The Ford Foundation, which for decades funded much of public broadcasting, last week shifted its media grantmaking to a different medium – newspapers.
The Los Angeles Times announced the $1 million grant, which according to the Times will pay for reporters to cover “Vietnamese, Korean and other immigrant communities, the California prison system, the border region and Brazil.”
The Times story noted that the new Brazil-based reporter will be the newspaper’s first full-time correspondent in Latin America in “several years.”
Until now, the Ford Foundation has been more closely associated with public radio and television. Ford used to give National Public Radio six and seven-figure grants each year for international news coverage and reporting of certain topics. In 1967, Ford paid the entire cost of starting a national public television network in the U.S., with a $10 million grant to create what became the Public Broadcasting Service.

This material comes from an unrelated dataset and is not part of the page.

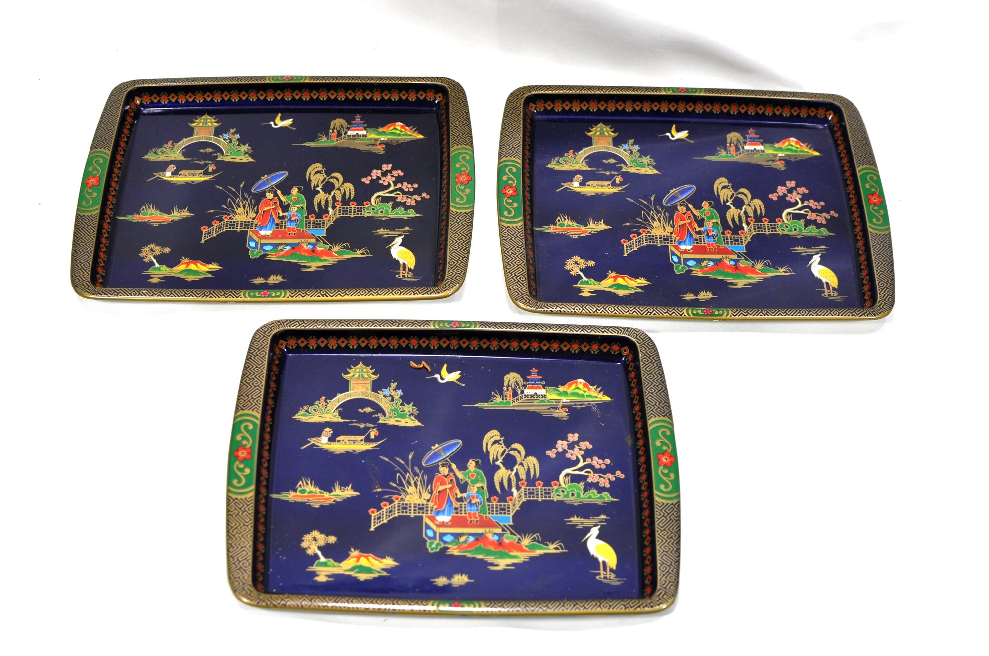 Daher Decorated Ware England Decorative Square Tray Plate Oriental Asian Design.
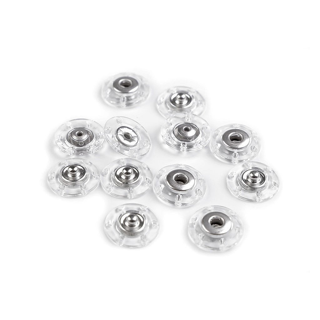 Designové plastové patentky jsou částečně transparentní. Podél okraje mají otvory, kterými je pohodlně našijete na látku. Mají široké využití.Využijete je jako zapínání na tašky, kabelky, kabáty, bundy, mikiny atd.

Last year Ford continued to support some public broadcasting projects, such as $700,000 to New York Public Radio But the Ford grants database do not include any grants to “NPR,” “National Public Radio,” “PBS,” or “Public Broadcasting System” in 2010 or 2011.
“[W]e and many other funders are experimenting with new approaches to preserve and advance high-quality journalism,” said an unnamed foundation spokesman quoted by the Los Angeles Times.
That journalism evidently will not be on public radio or TV.
Ford’s shift to newspapers follows the announcement last month that the National Endowment for the Arts was eliminating much of its funding for PBS arts programming, moving instead to fund arts projects that are based on the Internet.
Ford already supports Pro Publica “to produce investigative journalism,” which then appears in U.S. newspapers, according to page 83 of the Ford grants database.
In 2010 and 2011, Ford made over $700,000 in grants to The New Press, Inc., to publish reports “on key topics in criminal justice reform,” according to page 101 of the database.
However, both Pro Publica and The New Press are non-profit entities, as are U.S. public radio and television. With this grant to the Los Angeles Times, Ford is committing major funding to a for-profit company, an arrangement described as “unusual” by the Poynter Institute.
But this arrangement may not be as unusual as it seems. Some public broadcasting programs are produced by for-profit commercial companies, which receive grants from foundations and from the Corporation for Public Broadcasting.
For example, the PBS NewsHour is produced by MacNeil-Lehrer Productions, begun by Robert MacNeil and Jim Lehrer, the broadcast’s original anchors. But in 1981, MacNeil and Lehrer sold half of their firm to the Gannett company, which owns commercial TV stations and publishes USA TODAY. And then in 1994, according to its website, two-thirds of the company was sold to another commercial company, Liberty Media. Liberty Media is headed by longtime cable TV pioneer John Malone, and according to its website owns properties including the Starz movie network and the Atlanta Braves.
And Charlie Rose, who just began anchoring the morning broadcast on CBS, produces his nightly interview program at the commercial Bloomberg TV network, which televises the program it each evening before it is seen on PBS.
But returning to the Ford grant to the Los Angeles Times, much of the initial reaction has been critical.
“Frankly, we find it bizarre that the publication would have to turn to nonprofit help to cover its own communities,” wrote Dennis Romero in the LA Weekly “..[T]he Times says it’s going to use its newfound cash to ‘hire journalists who will focus on the Vietnamese, Korean and other immigrant communities…’ In other words, to do the job it’s supposed to be doing anyway.”